Below are entries to examine: work out how many lines contain the word "Hove", and give only that number.

### INPUT
##########

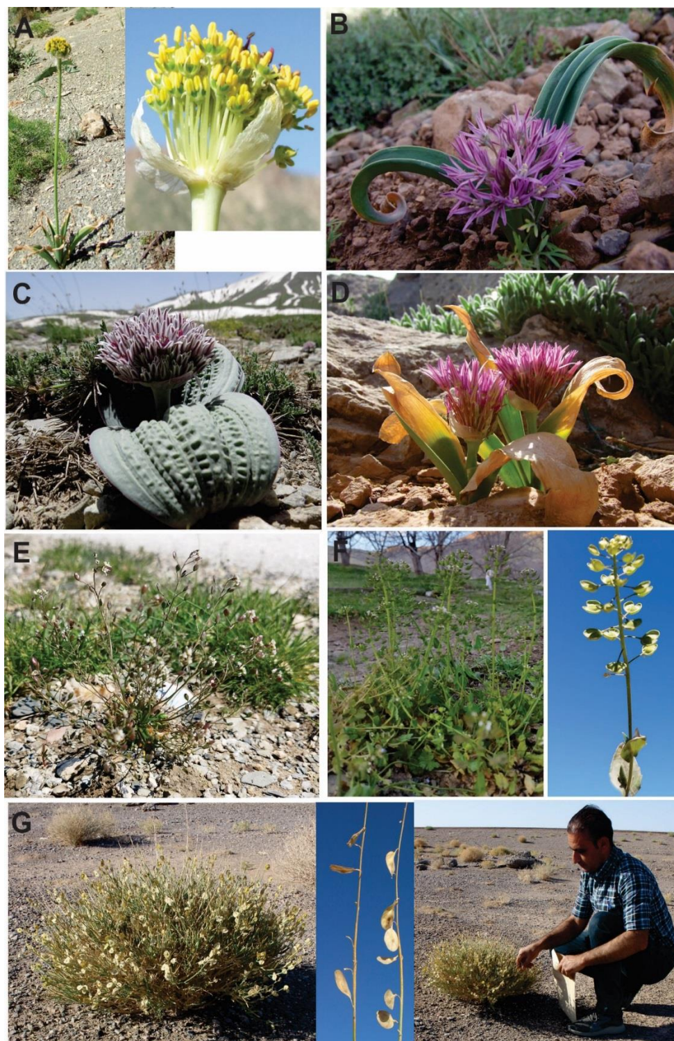
Fig. 1. Photographs of the studied plant species and their habitat and some morphological details. A) Allium chrysantherum , with a close up of the inflorescence; B) Allium alamutense ; C) Allium iranshahrii ; D) Allium zagricum ; E) Draba verna ; F) Thlaspi arvense , with details of fruiting inflorescence; G) Fortuynia garcinia , showing also details of fruits and the sampling for this study
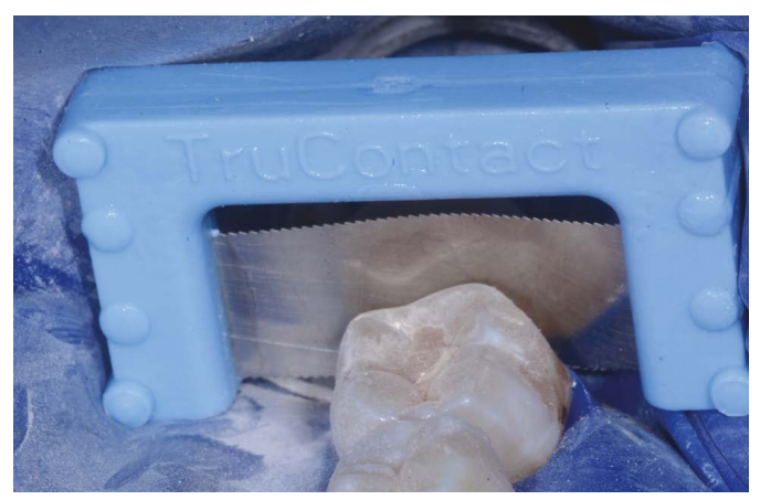
Fig 9: A TruContact Saw (Bioclear) is used to clean and groom the unrestored mesial contact. It is common that adhesive and small bits of flowable can block the occlusal embrasure. Beautiful contacts are an important part of the patient experience.
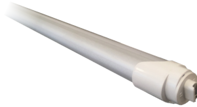
T8 Tube V2 8FT, R17D T96T8-xxK-V2-HO
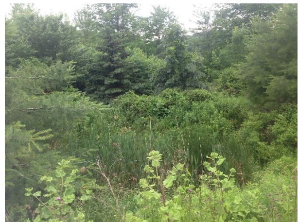
Figure 3: LDS South Pond (P1), exhibiting significant overgrowth.

The other pond on the LDS property, located behind the Church, is heavily overgrown and hard to access from the Church parking lot. Currently, a 1.0 acre portion of the back parking lot is routed to the pond. The proposed retrofit, would convert the existing pond to an underground storage similar to that proposed for the North Pond. The system would consist of a series of 48" HPDE perforated pipes placed in a bed of stone. A horizontal 18" equalization outlet pipe will connect the rows of perforated pipes via an 18" tee at each pipe outlet. The proposed system was sized to mitigate the CPv volume, and will provide water quality benefits from additional filtration through a sand subbase. An alternative option for the retrofit is to place the proposed chamber system under the parking lot, in the event access is an issue for the existing pond location.
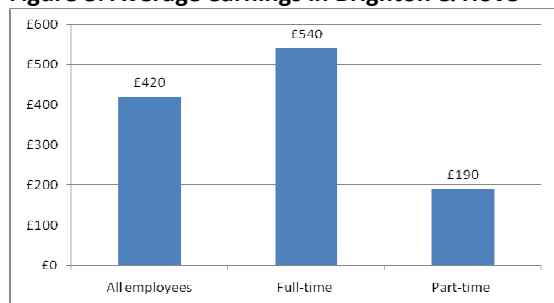
Figure 8: Average earnings in Brighton & Hove

The average gross weekly pay for all employees in Brighton & Hove is around £420 (Before tax etc), equivalent to a salary of around £22,360 per year. Full-time workers in Brighton & Hove earn on average £540 (before tax etc), per week or £28,080 per year. The average gross weekly pay for part-time workers is £190, equivalent to £9,880 per year 1 .
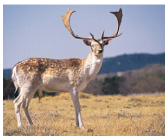
Hopefully, we can keep this stag at bay
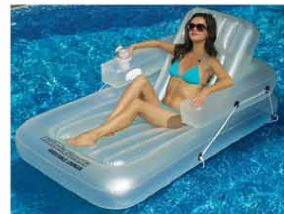
90521 Floating Adjustable Lounger 3/case $41.94 each

##########

### FINISHED TASK
2